▶ **PROVIDED MATERIAL**:
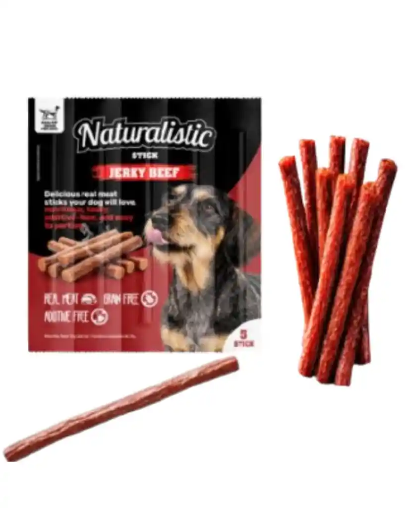 Naturalistic Jerky Beef Stick. Son palitos de carne real horneados, diseñados como premio o merienda nutritiva para mascotas. Elaborados sin granos, sin aditivos químicos, conservantes artificiales, ni colorantes. Formulados libre de gluten y azúcar. Alto contenido proteico, bajo en grasas y rico en Omegas 3 y 6 para la salud de la piel y pelaje. Su textura y formato práctico permiten porcionar fácilmente, convirtiéndolos en una recompensa nutritiva, equilibrada y llena de sabor para disfrutar todos los días. Ingredientes: Vacuno y subproductos del vacuno, almidón vegetal, glicerina, sorbitol, sorbato de potasio, sal, extracto de romero.
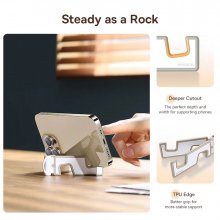 Your device deserves the best, and this phone stand delivers. The edges of the stand are wrapped in soft TPU, providing a better grip and extra protection against scratches and wear. The thoughtful design ensures that your phone is supported securely while keeping it in pristine condition. Whether you’re using it at your desk, in the kitchen, or on a plane, this stand offers peace of mind along with practicality.
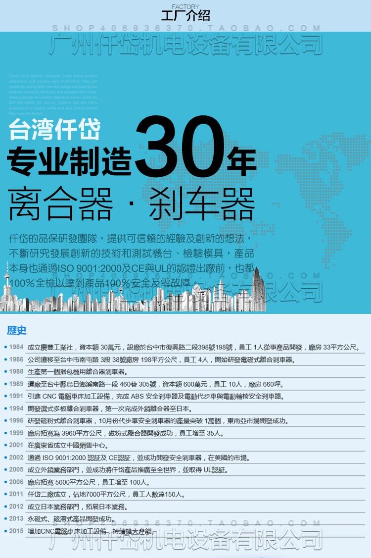 仟岱有限公司专业生产各式机械用电磁式单板离合器、制动器,电磁式安全制动器,电磁式湿式多板离合器、制动器,电磁式磁粉离合器、制动器,已经 20几年,秉承研发创新的精神及不断提高产品品质为本公司宗旨。
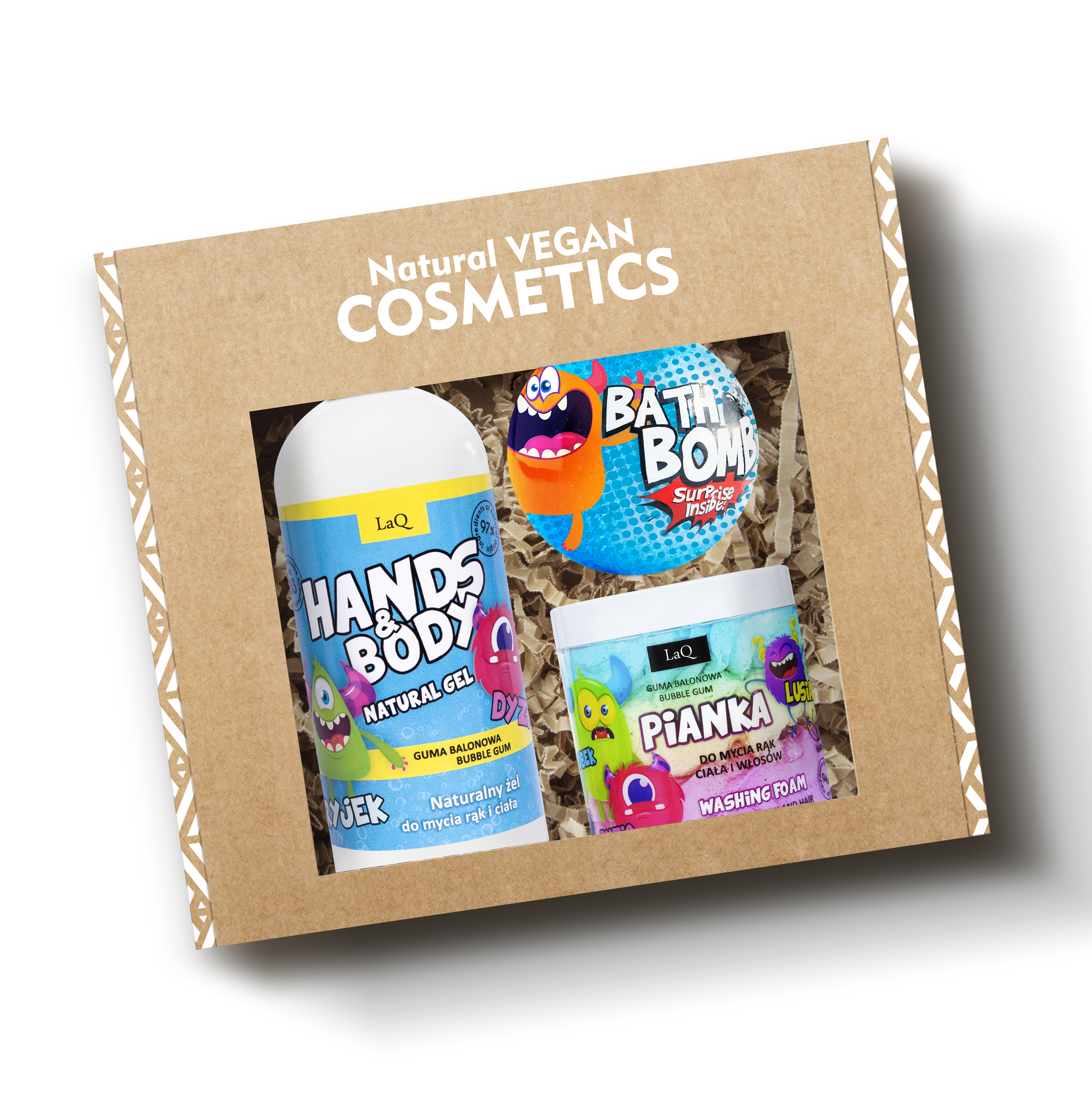 Oto ja, czyli wegański zestaw kosmetyków naturalnych dla dziecka, składający się z żelu do mycia, 3-kolorowej pianki do mycia oraz musującej kuli do kąpieli. Seria ta ma odlotowyzapach gumy balonowej oraz marakui. Stworzyliśmy ją specjalnie dla dzieci, z myślą o ich delikatnej skórze i miłości do kolorów. Żel przeznaczony jest do mycia ciała, włosów i rąk. Jego receptura bazuje na łagodnych substancjach myjących, zawiera również kompleks składników nawilżająco-odżywczych. Natomiast w niebiańsko lekkiej 3-kolorowej piance do kąpieli znajdziesz m.in. nawilżający ekstrakt z ryżu, masło shea i olej ze słodkich migdałów. Ponadto pianka barwi wodę na piękne kolory! Z kolei kula do kąpieli ma żywy niebieski kolor, który sprawia, że wanna zamienia się w morze. Z tymi produktami każdą kąpiel zamienisz w relaksującą i pachnącą zabawę!

▶ **AIM OF THE EXERCISE**:
What is needed is an exact copy of the lines from the beginning of the data through the line containing "仟岱有限公司专业生产各式机械", both included, without any pictures.

▶ **YOUR RESPONSE**:
 Naturalistic Jerky Beef Stick. Son palitos de carne real horneados, diseñados como premio o merienda nutritiva para mascotas. Elaborados sin granos, sin aditivos químicos, conservantes artificiales, ni colorantes. Formulados libre de gluten y azúcar. Alto contenido proteico, bajo en grasas y rico en Omegas 3 y 6 para la salud de la piel y pelaje. Su textura y formato práctico permiten porcionar fácilmente, convirtiéndolos en una recompensa nutritiva, equilibrada y llena de sabor para disfrutar todos los días. Ingredientes: Vacuno y subproductos del vacuno, almidón vegetal, glicerina, sorbitol, sorbato de potasio, sal, extracto de romero.
 Your device deserves the best, and this phone stand delivers. The edges of the stand are wrapped in soft TPU, providing a better grip and extra protection against scratches and wear. The thoughtful design ensures that your phone is supported securely while keeping it in pristine condition. Whether you’re using it at your desk, in the kitchen, or on a plane, this stand offers peace of mind along with practicality.
 仟岱有限公司专业生产各式机械用电磁式单板离合器、制动器,电磁式安全制动器,电磁式湿式多板离合器、制动器,电磁式磁粉离合器、制动器,已经 20几年,秉承研发创新的精神及不断提高产品品质为本公司宗旨。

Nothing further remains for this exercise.